The records below are to be reproduced exactly, and no picture should appear in the copy.

################

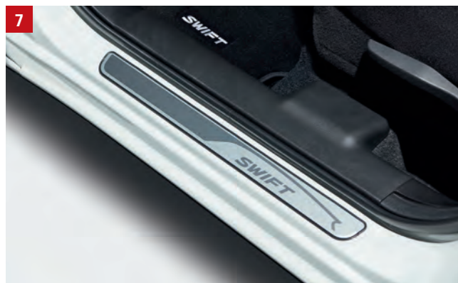
7 | SIDE SILL SCUFF Anodized aluminium satin surface, four-piece set, with polished Swift logo. Part No. 990E0-53R60-000
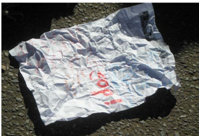
Above, a crumpled piece of paper with the folds showing the scars left from hurtful messages.

Bullying No Way Day 2019 was a day of reflection and acceptance for all students and staff at KMS. We watched two videos about the words we can use to empower others. Then in groups we brainstormed words we would use in the phrase 'Keep calm and...What words would you use?' We also had the choice of writing a positive comment on the back of our note. The notes provided a positive perspective on the words we use daily. When looking at these positive messages it constantly reminds you to keep your cool and re-evaluate your values. Even though Bullying No Way day has come to an end we should all make more of an effort in the way we treat others, both in the school environment and at home.
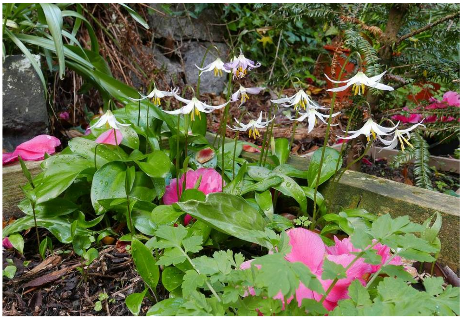
This is a group of Erythronium elegans seedlings flowering for the first time in one of the seed frames.
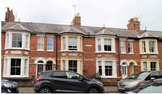
Nos. 6-12 (even) Dunwich Road

Dunwich Terrace, Nos.6-12 (even) Dunwich Road (Positive Unlisted Buildings). A terrace of four houses. Shown completed on a photograph taken on the 18 th of October 1893 from the lighthouse which is preserved in Southwold Museum. Red brick with painted stone dressings. Two storey canted bays with pilasters and carved lintels and decorative tile insets between the floors. Welsh slate roof with finials above the canted bay windows. Horned plate-glass sashes. Paired arched recessed porches containing partially glazed panelled doors. The door to No.8 still retains stained and leaded glass panels. Some houses now with secondary door flush with the façade. Twentieth century dwarf red brick walls to Dunwich Road. Possibly by the same builder as No.16 Chester Road. John Miller Britain in Old Photographs: Southwold (Stroud 1999) p83.
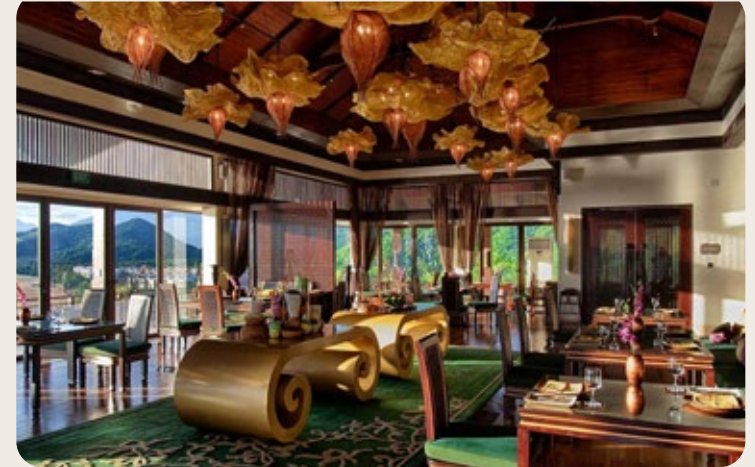
Saffron - Thai Cuisine

################

TASK ANSWER
7 | SIDE SILL SCUFF Anodized aluminium satin surface, four-piece set, with polished Swift logo. Part No. 990E0-53R60-000
Above, a crumpled piece of paper with the folds showing the scars left from hurtful messages.

Bullying No Way Day 2019 was a day of reflection and acceptance for all students and staff at KMS. We watched two videos about the words we can use to empower others. Then in groups we brainstormed words we would use in the phrase 'Keep calm and...What words would you use?' We also had the choice of writing a positive comment on the back of our note. The notes provided a positive perspective on the words we use daily. When looking at these positive messages it constantly reminds you to keep your cool and re-evaluate your values. Even though Bullying No Way day has come to an end we should all make more of an effort in the way we treat others, both in the school environment and at home.
This is a group of Erythronium elegans seedlings flowering for the first time in one of the seed frames.
Nos. 6-12 (even) Dunwich Road

Dunwich Terrace, Nos.6-12 (even) Dunwich Road (Positive Unlisted Buildings). A terrace of four houses. Shown completed on a photograph taken on the 18 th of October 1893 from the lighthouse which is preserved in Southwold Museum. Red brick with painted stone dressings. Two storey canted bays with pilasters and carved lintels and decorative tile insets between the floors. Welsh slate roof with finials above the canted bay windows. Horned plate-glass sashes. Paired arched recessed porches containing partially glazed panelled doors. The door to No.8 still retains stained and leaded glass panels. Some houses now with secondary door flush with the façade. Twentieth century dwarf red brick walls to Dunwich Road. Possibly by the same builder as No.16 Chester Road. John Miller Britain in Old Photographs: Southwold (Stroud 1999) p83.
Saffron - Thai Cuisine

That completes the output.